Had I lacked imagination, had I been stupid, had I been stubbornly
mulish in having my own way, I should never have got in this
pickle. And the lads and lassies were dancing, and there was no
one to save me from my fate. How much I drank I do not know. My
memory of it is of an age-long suffering of fear in the midst of a
murderous crew, and of an infinite number of glasses of red wine
passing across the bare boards of a wine-drenched table and going
down my burning throat. Bad as the wine was, a knife in the back
was worse, and I must survive at any cost.

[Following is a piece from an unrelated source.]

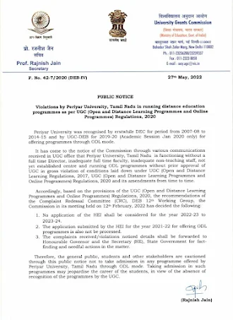 தமிழ்நாட்டில் பெரியார் பல்கலைக்கழகம் முழு நேர இயக்குநர், போதிய முழுநேர ஆசிரியர்கள், போதிய ஆசிரியர் அல்லாத பணியாளர்கள், இன்னும் மையம் அமைக்கப்படாதது, ODL நிகழ்ச்சிகள் இல்லாமல் இயங்கி வருகிறது என UGC அலுவலகத்தில் வந்த பல்வேறு தகவல்களின் மூலம் ஆணையத்தின் கவனத்திற்கு வந்துள்ளது. UGC (Open and Distance Learning Regulations, 2017, UGC (Open and Distance Learning Programs and Online Programs) விதிமுறைகள், 2020 மற்றும் அவ்வப்போது அதன் திருத்தங்கள் ஆகியவற்றின் கீழ் வகுக்கப்பட்ட நிபந்தனைகளை மொத்தமாக மீறும் வகையில் UGC இன் முன் அனுமதி.
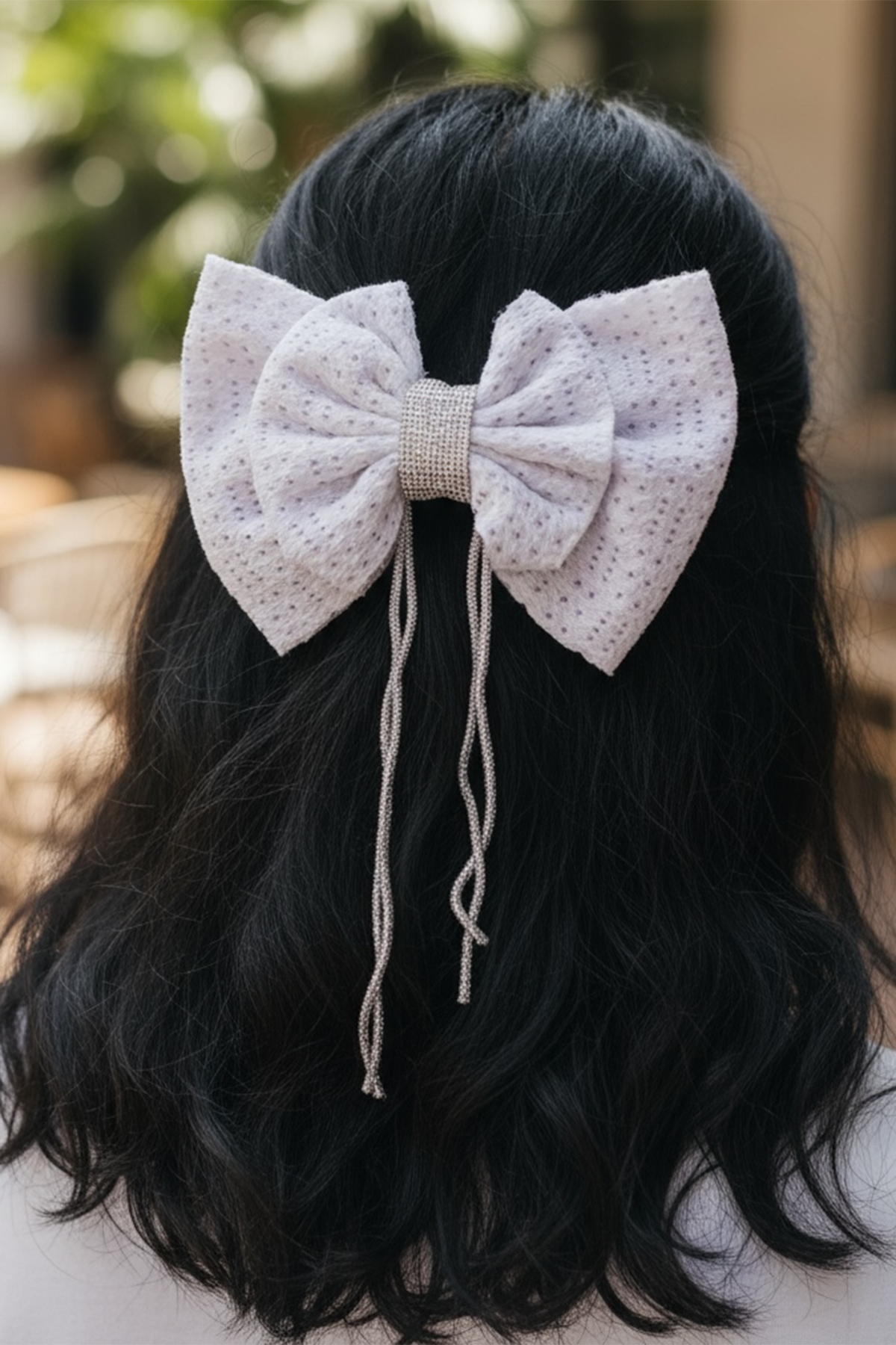 Beyaz Ve Mor Renk Kurdele Figürlü Taş Detaylı Otomat Toka

Looking back with the drinker's knowledge, I know now why I did
not collapse stupefied upon the table. As I have said, I was
frozen, I was paralysed, with fear. The only movement I made was
to convey that never-ending procession of glasses to my lips. I
was a poised and motionless receptacle for all that quantity of
wine. It lay inert in my fear-inert stomach. I was too
frightened, even, for my stomach to turn. So all that Italian
crew looked on and marvelled at the infant phenomenon that downed
wine with the sang-froid of an automaton. It is not in the spirit
of braggadocio that I dare to assert they had never seen anything
like it.
The time came to go. The tipsy antics of the lads had led a
majority of the soberer-minded lassies to compel a departure. I
found myself, at the door, beside my little maiden. She had not
had my experience, so she was sober. She was fascinated by the
titubations of the lads who strove to walk beside their girls, and
began to mimic them. I thought this a great game, and I, too,
began to stagger tipsily. But she had no wine to stir up, while
my movements quickly set the fumes rising to my head. Even at the
start, I was more realistic than she. In several minutes I was
astonishing myself. I saw one lad, after reeling half a dozen
steps, pause at the side of the road, gravely peer into the ditch,
and gravely, and after apparent deep thought, fall into it. To me
this was excruciatingly funny. I staggered to the edge of the
ditch, fully intending to stop on the edge. I came to myself, in
the ditch, in process of being hauled out by several anxious-faced
girls.
I didn't care to play at being drunk any more. There was no more
fun in me. My eyes were beginning to swim, and with wide-open
mouth I panted for air. A girl led me by the hand on either side,
but my legs were leaden. The alcohol I had drunk was striking my
heart and brain like a club. Had I been a weakling of a child, I
am confident that it would have killed me. As it was, I know I
was nearer death than any of the scared girls dreamed. I could
hear them bickering among themselves as to whose fault it was;
some were weeping--for themselves, for me, and for the disgraceful
way their lads had behaved. But I was not interested. I was
suffocating, and I wanted air. To move was agony. It made me
pant harder. Yet those girls persisted in making me walk, and it
was four miles home. Four miles! I remember my swimming eyes saw
a small bridge across the road an infinite distance away. In
fact, it was not a hundred feet distant. When I reached it, I
sank down and lay on my back panting. The girls tried to lift me,
but I was helpless and suffocating. Their cries of alarm brought
Larry, a drunken youth of seventeen, who proceeded to resuscitate
me by jumping on my chest. Dimly I remember this, and the
squalling of the girls as they struggled with him and dragged him
away. And then I knew nothing, though I learned afterward that
Larry wound up under the bridge and spent the night there.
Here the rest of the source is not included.